The hotly debated investor protection rule that would require financial advisors to work in your best interest when handling your retirement money has been pushed back.
The "fiduciary rule" as it's also known, was to take effect on April 10. It's now delayed until June 9, according to the Department of Labor.
Labor's move to slow down implementation comes after President Donald Trump issued a presidential memorandum in February, directing the department to review it and prepare an updated economic and legal analysis.
Legal experts said the Labor Department's announcement still keeps intact the core of the regulation. Among those are requirements that advisors charge no more than reasonable compensation, avoid misleading statements and act in your best interest when recommending investments.
"The DOL is effectively regulating IRAs," said Marcia Wagner, managing director at The Wagner Law Group in Boston. "This is the DOL saying that this isn't up for debate."
Indeed, some $7 trillion in IRA assets are at the center of the debate, as they are moneymakers for financial services firms and would fall under the rule's domain.
Consumer advocates said while it's encouraging that certain provisions of the rule will remain, the delay isn't helpful for investors.
"We still need the full protection of the rule to become applicable — a meaningful and legally enforceable best interest standard," said Micah Hauptman, financial services counsel at the Consumer Federation of America.

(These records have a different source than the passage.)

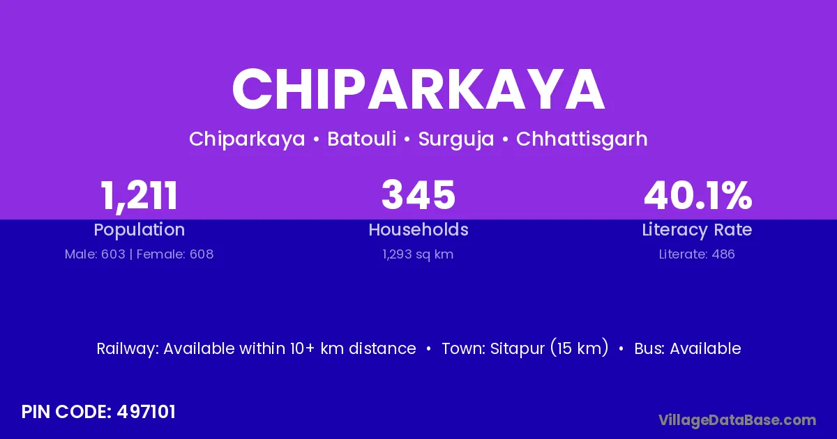 Chiparkaya village has a total population of 1,211 people, of which 603 are males and 608 are females.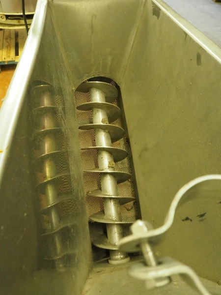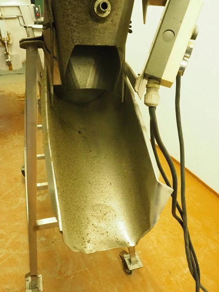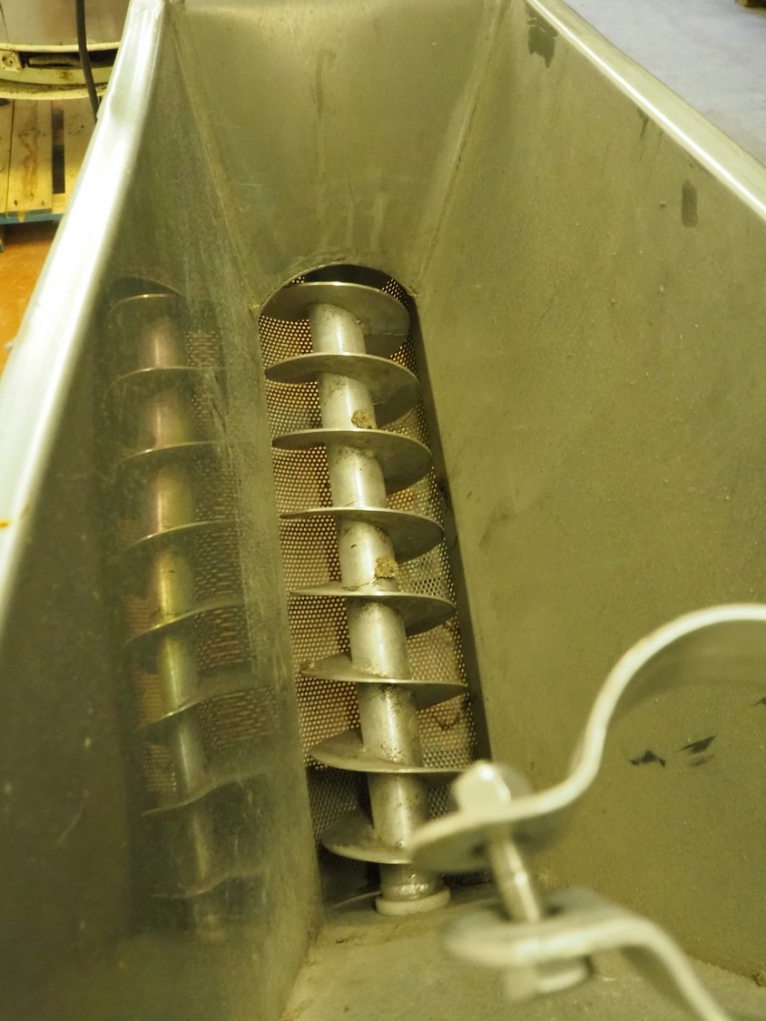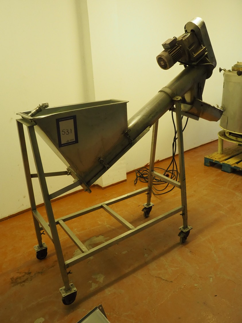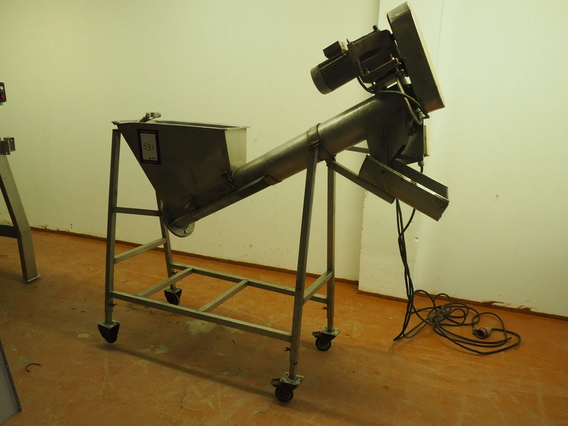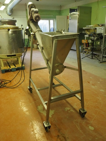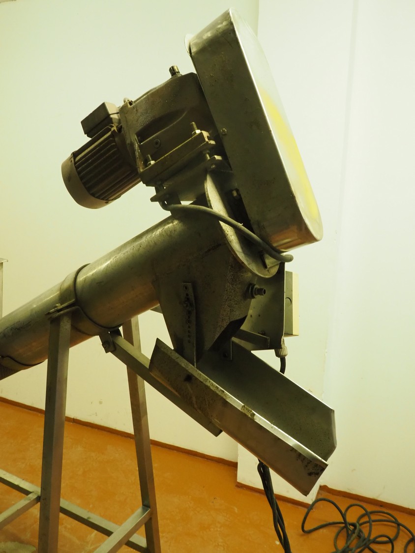 Mobile elevating screw with sieve, s/s screw, screw width: 140 mm, tier: 65 mm, elevating height: 1040 mm , sieve: 2 mm, total dimensions: 1930 mm x 710 mm x 1960 mm.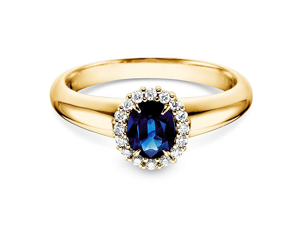 18K or jaune avec saphir 0,60ct et diamants 0,12ct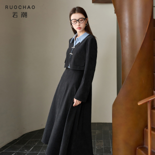 女装 领长袖 2025冬季 假两件连衣裙衬衫 高腰胖MM 新款 三彩若潮大码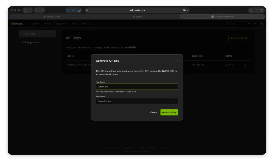 打开网址:https://build.nvidia.com/settings/api-keys 创建Key(需要绑定手机号才能创建,+86的手机号可以绑定),设置Key的有效期,推荐Never Expire,永不过期。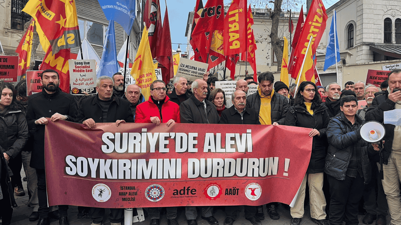 Suriye'nin batısında Alevilere yönelik saldırılar, Kadıköy'de protesto edildi. Yapılan açıklamada “Emperyalist devletler ve işbirlikçi bölge güçleri tarafından ‘Yeni Suriye’ söylemleriyle pazarlanan HTŞ dönemi bir yılı geride bıraktı. Ancak ortaya çıkan tablo son derece nettir: El birliğiyle istikrarsız, kaotik ve geleceği belirsiz bir Suriye inşa edilmiştir. İktidara getirilen HTŞ yönetimi, halka katliam ve tehdit dışında hiçbir şey sunmamış, tüm dünyanın gözü önünde büyük suçlara imza atmıştır” denildi.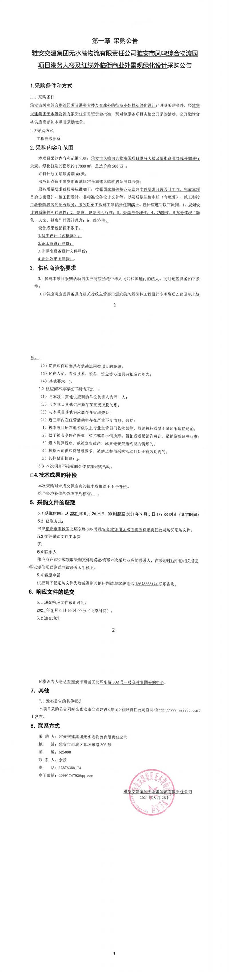 雅安交建集團無水港物流有限責任公司雅安市鳳鳴綜合物流園項目港務大樓及紅線外臨街商業(yè)外景觀綠化設計采購公告
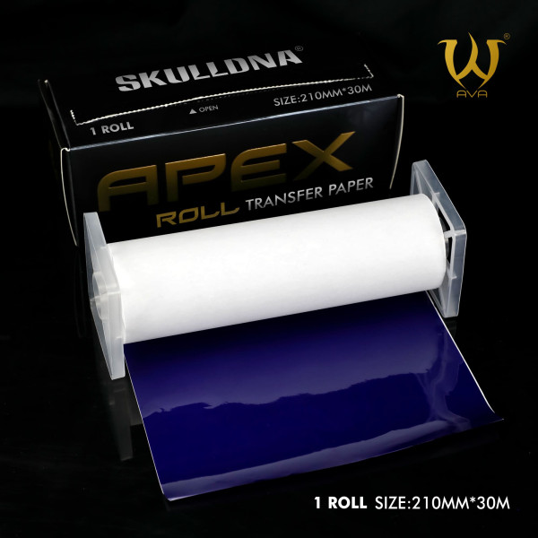 Представляем AVA SkullDNA Apex Roll – рулон высококачественной трансферной бумаги, специально разработанной для тату-мастеров, работающих с крупными проектами и использующих тату-принтеры. Этот рулон длиной 30 метров обеспечивает непревзойденную гибкость в создании трафаретов любого размера, от масштабных работ до серии мелких эскизов, идеально подходя для непрерывной печати.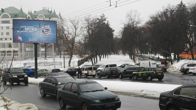 На перехресті Леніна й Першотравневого проспекту утворилася велика пробка. Автомобілі стоять із вимкненими двигунами, пробка тягнеться убік Центру. На місці немає працівників ДАІ.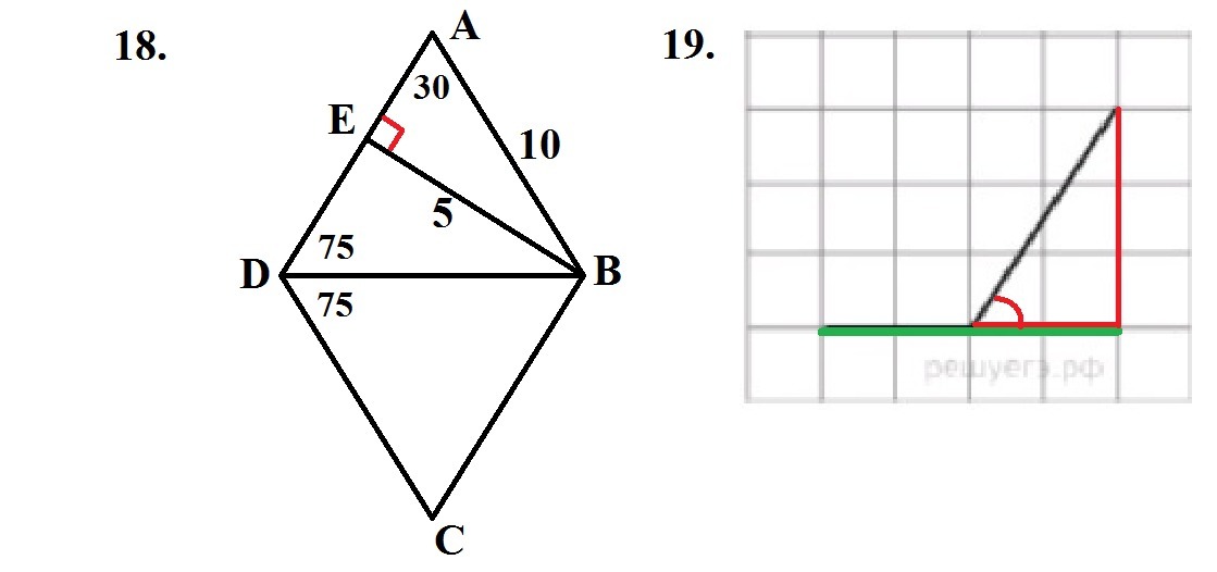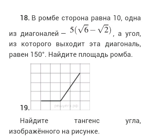 18. В ромбе сторона равна 10, одна из диагоналей - 5(6^(1/2)-2^(1/2)), а угол, из которого выходит эта диагональ, равен 150 градусам. Найдите площадь ромба.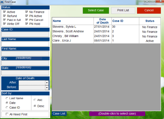 Once you click on the “Copy Survivors from Another Case” button the MiMS “Find Case” window will open.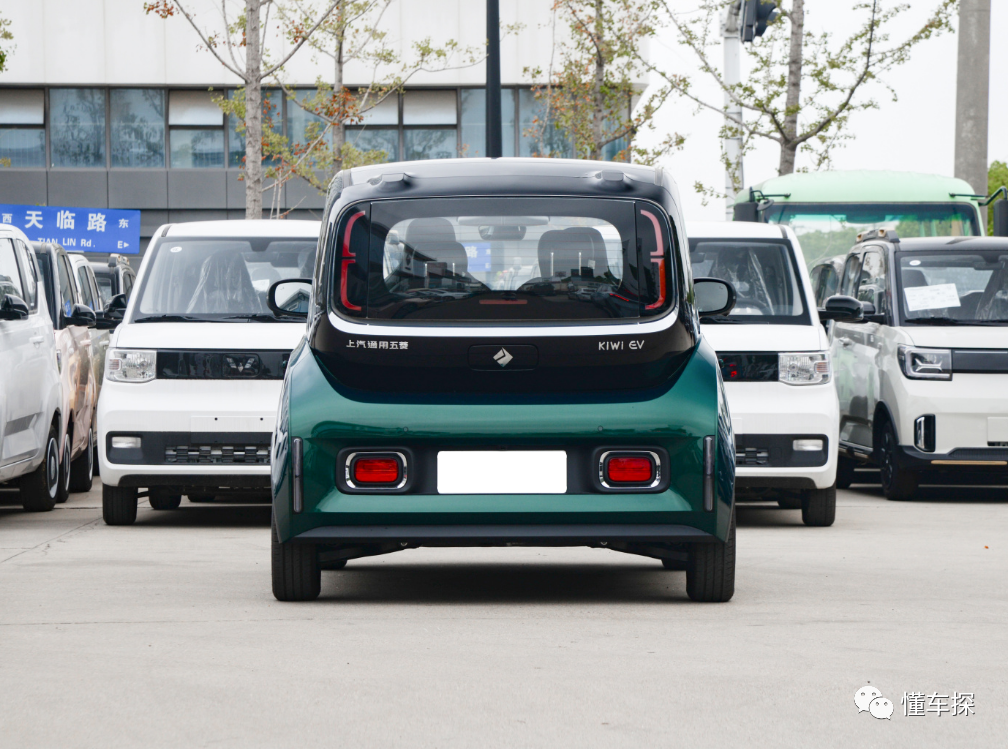 2023款KiWi EV采用上窄下宽的车身设计,后保险杠表层也提供了宽体饰板,两侧的尾灯还采用镀铬银色装饰条装饰,看着就比较精致。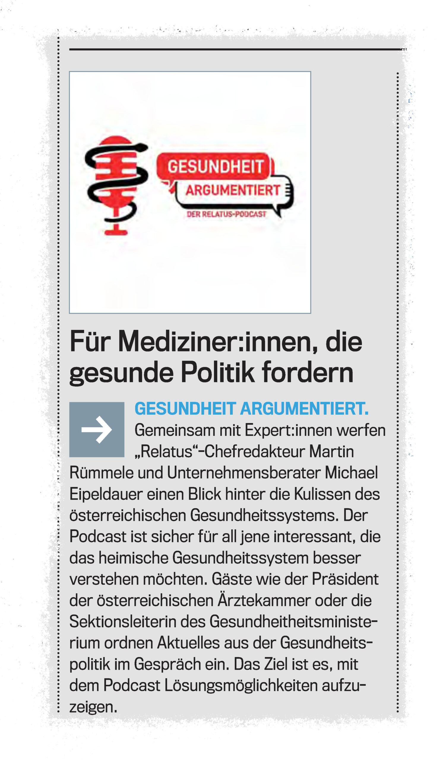Der Podcast „Gesundheit argumentiert“ ist so ein Format: RELATUS-Chefredakteur Martin Rümmele und der Gesundheitspolitik- und Strategieberater Michael Eipeldauer blickten bereits mit mehr als 50 Gästen hinter die Kulissen des heimischen Gesundheitswesens. Unter ihnen: 5 Gesundheitslandesrät:innen, die Präsident:innen von Ärztekammer, Apothekerkammer, Generikaverband, Pharmig, Apothekerverband, ÖGAM, Gesundheits- und Krankenpflegeverband, Vorsitzende von Sozialversicherungsträgern, ein Gesundheitsminister sowie unzählige Fachleute, die das Gesundheitssystem nicht nur bestens kennen, sondern auch ausführlich analysieren. Folge 50 bot mit Dr.in Susann Fiedler, Professorin am Institute for Cognition and Behavior an der Wirtschaftsuniversität Wien, einen Blick auf eines der zentralen Zukunftsthemen: Prävention, die Motivation zu einer gesünderen Lebensweise und was Verhaltensforschung und „Nudging“ dazu beitragen können.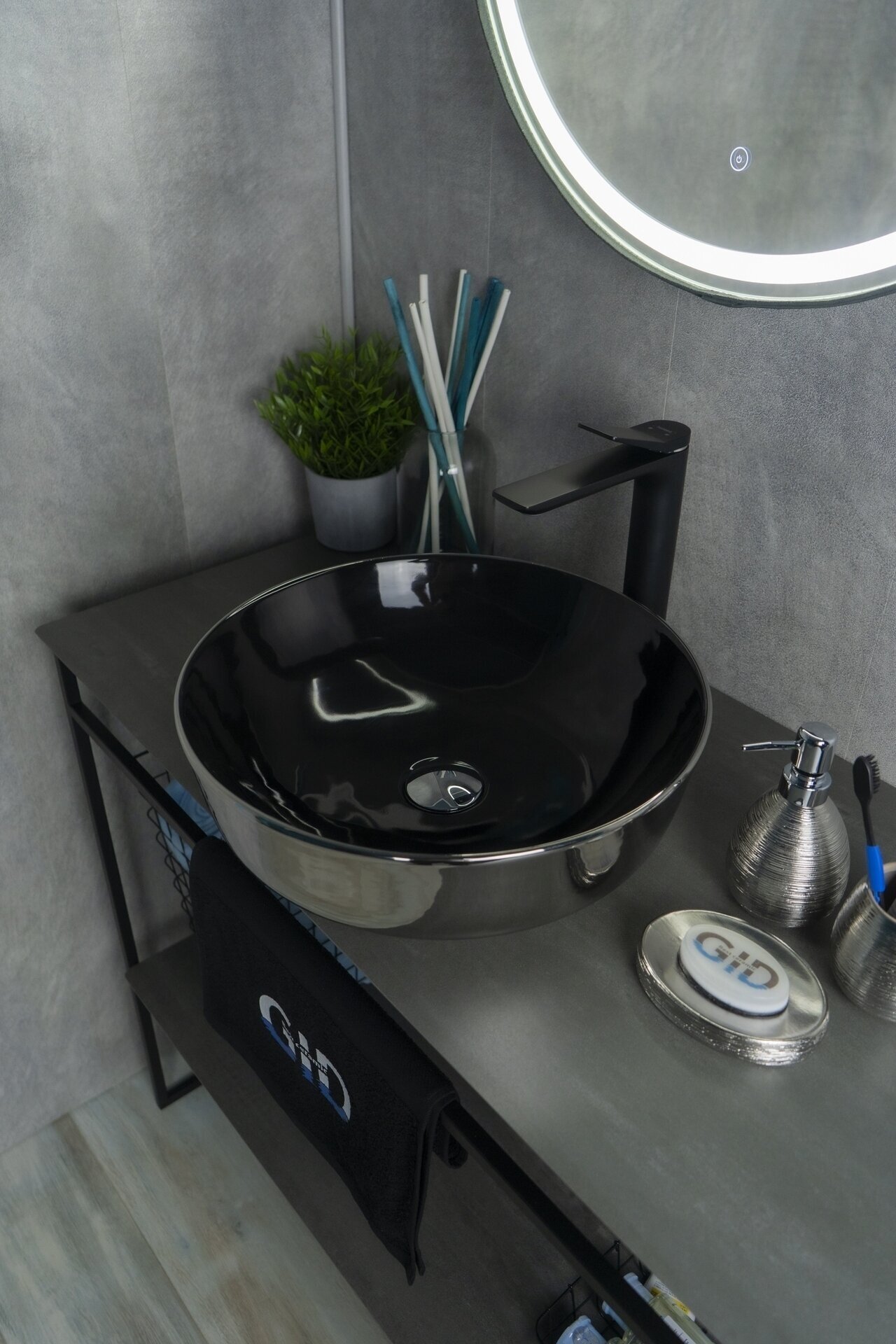 Раковина Gid Color Edition Nc411 41,5x41,5x13,5 см накладная черный с серебряным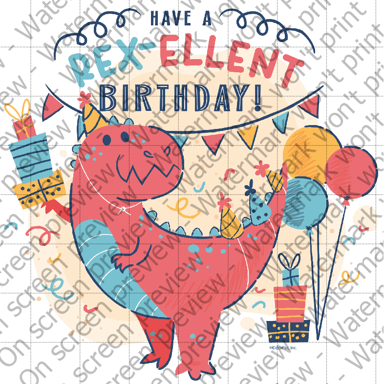 Esta imagen presenta un dinosaurio de dibujos animados sosteniendo regalos y la frase "¡Que tengas un cumpleaños de Rex-Elent!" Completa la celebración con esta imagen de adorno de pastel comestible.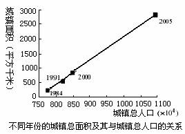 练习题25:下图反映了某地区不同年份的城镇总面积及其与城镇总人口的关系。从图中可知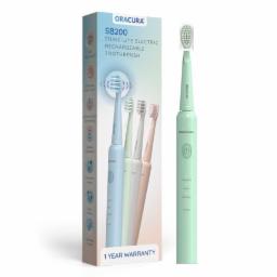 ORACURA Sonic Lite Electric Rechargeable Toothbrush SB200 Green, 1 Year Warranty, 36,000 strokes/min, 3 Modes, Waterproof, Lasts 25 Days in one charge, 2 Mins Timer, Rechargeable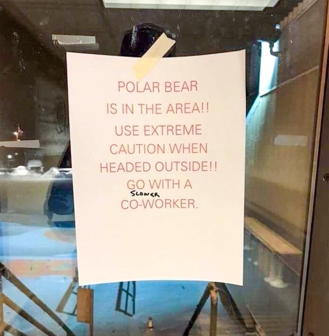 «В цьому районі живе полярний ведмідь. Будьте гранично обережні, коли знаходитесь на вулиці. Ходіть з (більш повільним) колегою».

"Enforceability wouldn't have kicked in until January 2018 for IRA investors, but that's what the rule calls for," he said. "It's critical that the entire rule become applicable as soon as possible — on time, as it was finalized."
Other portions of the regulation concerning specific written disclosures advisors and financial services firms must make to clients won't take effect until Jan. 1, 2018, according to the DOL's post on the Federal Register.
Organizations representing the financial services industry cheered the rule's delay — and some pushed for even more time.
"ICI welcomes the Department of Labor's delay of the original implementation date of the agency's fiduciary rule until June 9," said Paul Schott Stevens, president of the Investment Company Institute, which represents the mutual fund industry, in a written statement. "But additional time is critically needed."
"Until June 9, you're on your own," Wagner said. "If I haven't heard from my financial advisor, I might reach out and ask, 'What's going on? What standard of care are you under?'"
Start by digging up the details of your financial advisor's background: Look him or her up on BrokerCheck, a site maintained by the Financial Industry Regulatory Authority, and the advisor page of the Securities and Exchange Commission.